Осыпаемый насмешками и свистом, мим с ужасом смотрит на толпу. Вот она, слава! Хозяин почти насильно уводит мима. Теперь на маленьком пятачке-сцене его дочь. В коротенькой юбке и трёхцветной кофте. В руках трёхцветный флаг. Взмахнула рукой и сильным голосом запела:
О Франция, мой час настал: я умираю!
Возлюбленная мать, прощай: покину свет,
Но имя я твоё последним повторяю.
Любил ли кто тебя сильней меня? О нет!
Я пел тебя, ещё читать не наученный,
И в чае, как смерть удар готова нанести,
Ещё поёт тебя мой голос утомлённый.
Почти любовь мою - одной слезой. Прости!
Теперь в кабачке тихо. Слушают с жадностью, ловят каждое слово. Песни Беранже обрели новое рождение. Их поют всюду - в кафе, на улицах, в полках. Война и смерть - сёстры. Вот почему так созвучны эти песни сегодня, вот почему такая сторожкая тишина.
Я вижу, что лежу полуживой в гробнице,
О, защити же всех, кто мною был любим!
Вот, Франция, твой долг смиренной голубице,
Не прикасавшейся к златым полям твоим.
Но чтоб ты слышала, как я тебе взываю,
В тот час, как бог меня в иной приемлет край,
Свой камень гробовой с усильем поднимаю…
Рука изнемогла, он падает… Прощай!
Певичка поклонилась, победно взмахнула флагом и убежала. Публика ревела. Неистовствовала. Певичке простили и сиплый голос, и дешёвую манеру исполнения, и даже конфетную внешность - драматизм песни, столь созвучный чувствам, и настроениям, искупал всё.
- Браво! Бра-во! - кричал моряк, подкидывая берет с пёстрым помпоном. Правой рукой он крепко обнимал подружку.
- Слава Франции! - Голос упал и вновь затрепетал от сдерживаемых слёз: - Слава!..
Кричали по-русски. Людмила Николаевна оглянулась. Да, конечно, человек был из русских эмигрантов. Петров, студент-эмигрант из России. Тщедушный. В очках с толстыми стёклами.
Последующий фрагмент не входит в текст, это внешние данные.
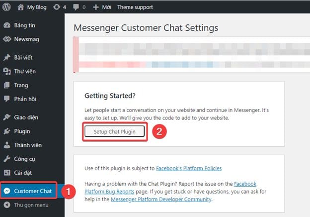 Sau khi Activate thành công, tại giao diện quản trị các bạn truy cập Customer Chat (1) => Setup Chat Plugin (2).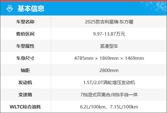 2025 款吉利星瑞 · 东方曜(以下简称“吉利星瑞”)联合推出 5 汽车,售价区间为 9.97-13.87 一万元。这次更新有三个主要变化。首先是增强。 2 汽车,从以前开始 3 款更新至 5 另外一个是丰富了车型的安全配置,最重要的是 2.0T 该车型更换了全新的发动机和变速箱,提高了性能。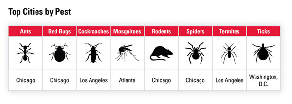 For D.C., we’re apparently prone to ticks more than anything else. Chicago, on the other hand, is a magnet for rodents, spiders, bed bugs and ants; Los Angeles has to contend with cockroaches and termites; and Atlanta has plenty of mosquitoes. The other cities on the list include Miami, New York, Detroit, Houston, Raleigh/Durham, and Dallas-Ft. Worth.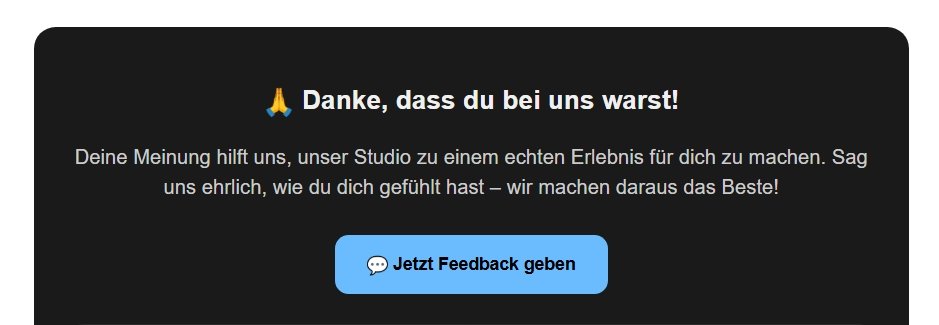 Kurz erklärt: Damit Sie kein Spam bekommen, ist dieser Bereich gesperrt. 72 Stunden nach dem Termin erhält der Kunde eine E-Mail, wird um eine Rezension gebeten und über den Link auf Ihre Website geführt. In der E-Mail ist ein „Schlüssel“ – damit öffnet sich das Formular.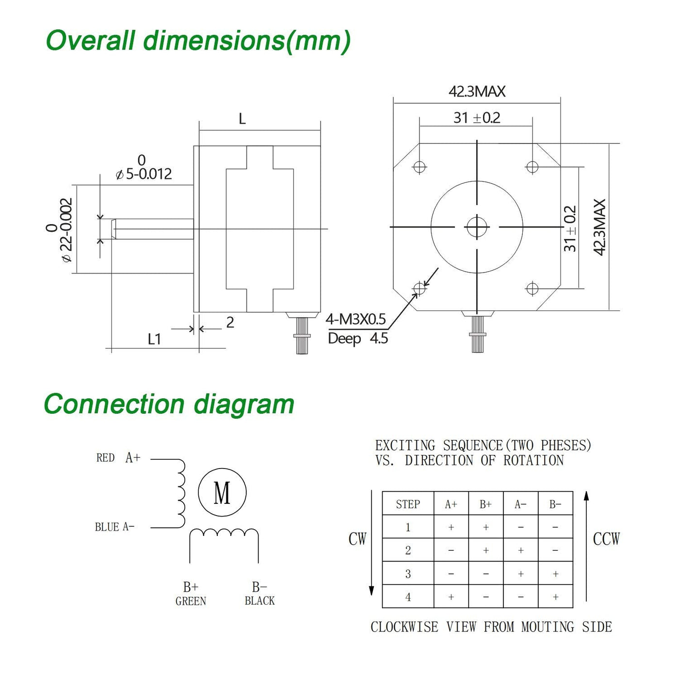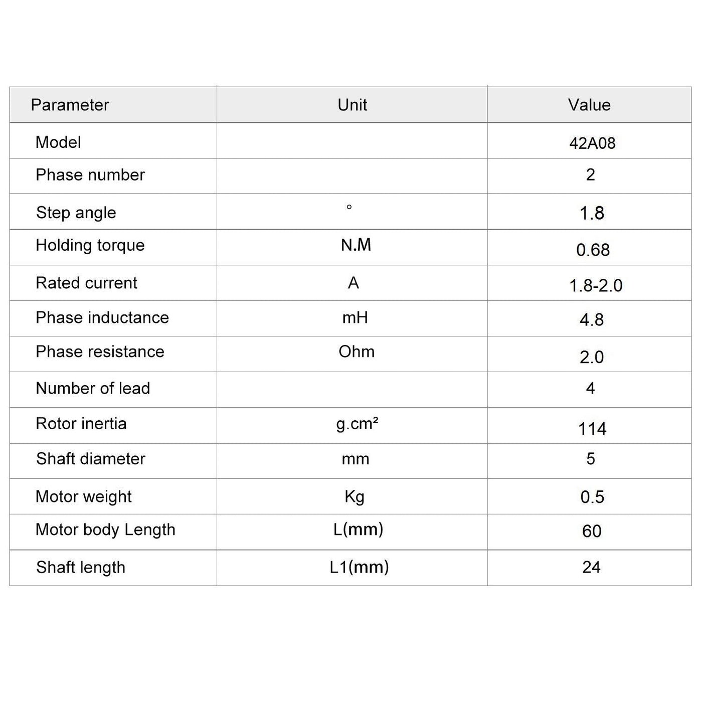 - SPECIFICATION: Phase resistance 2.0ohms, size 42*42*60mm, shaft diameter 5mm, shaft length 24mm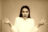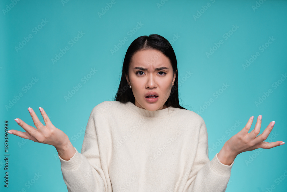 Photo of young Asian woman girl lady female student manager in casual outfit looking unpleasantly shocked, scared or worried, mouth wide open standing against blue background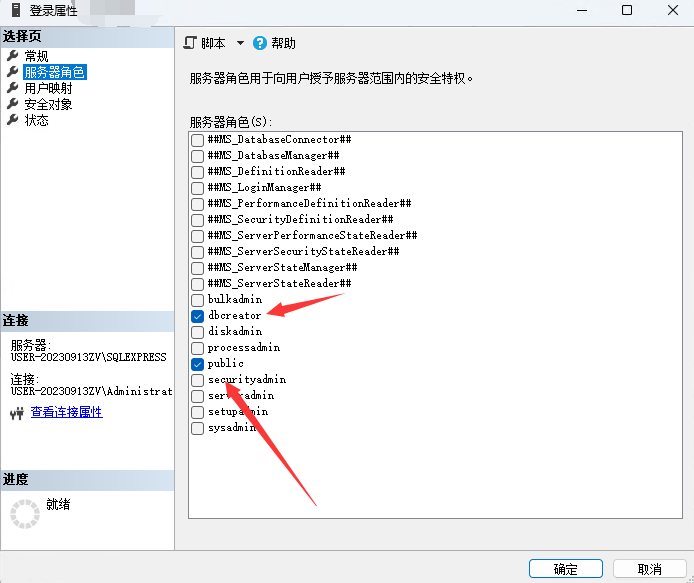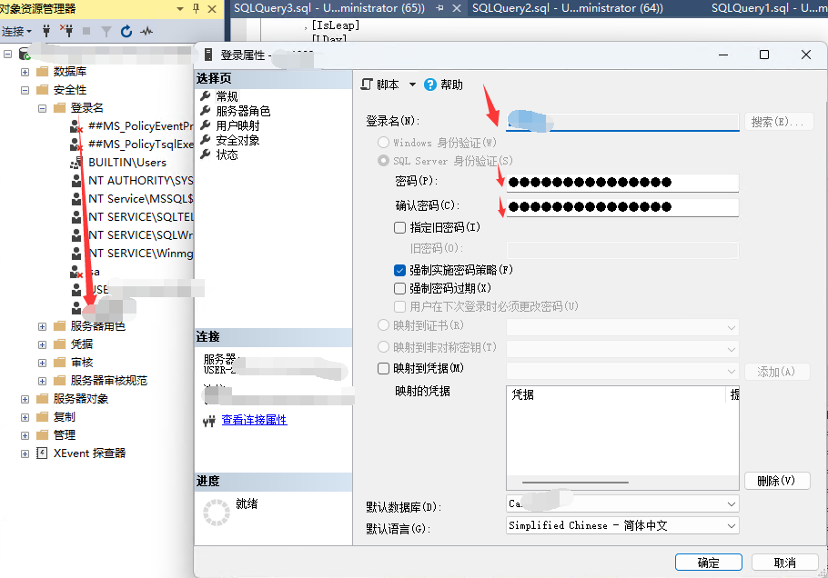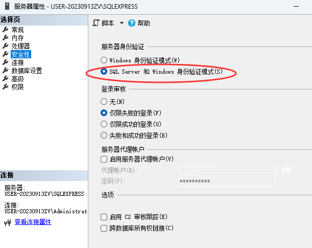 要注意在服务器属性中的安全性选项卡中,修改服务器身份验证为:SQL Server和 Windows身份验证模式。

Он сидел за столиком с волонтёрами и с упоением скандировал:
- Сла-ва!.. Сла-ва!..
Соседи Петрова подняли стаканы и, разбрызгивая вино, потянулись к нему, чокнулись. Петров расцеловался со своим соседом троекратно и, поправляя дрожащими руками очки, что-то возбуждённо и быстро заговорил.
"Он-то почему счастлив? Франция вступила в войну, - недоумевала Людмила Николаевна. - От голода еле ноги таскает. Живёт на пособие из партийной кассы. Постоянной работы нет, всё подёнщиной пробивается. Уму непостижимо!" - Людмила Николаевна с надеждой посмотрела на часы. Скоро восемь. Значит, Луиза закончит смену и через двадцать минут будет здесь. Она не любила этот бойкий кабачок, но он был ближайшим к фабрике, и Луизе после работы казалось самым удачным встречаться здесь.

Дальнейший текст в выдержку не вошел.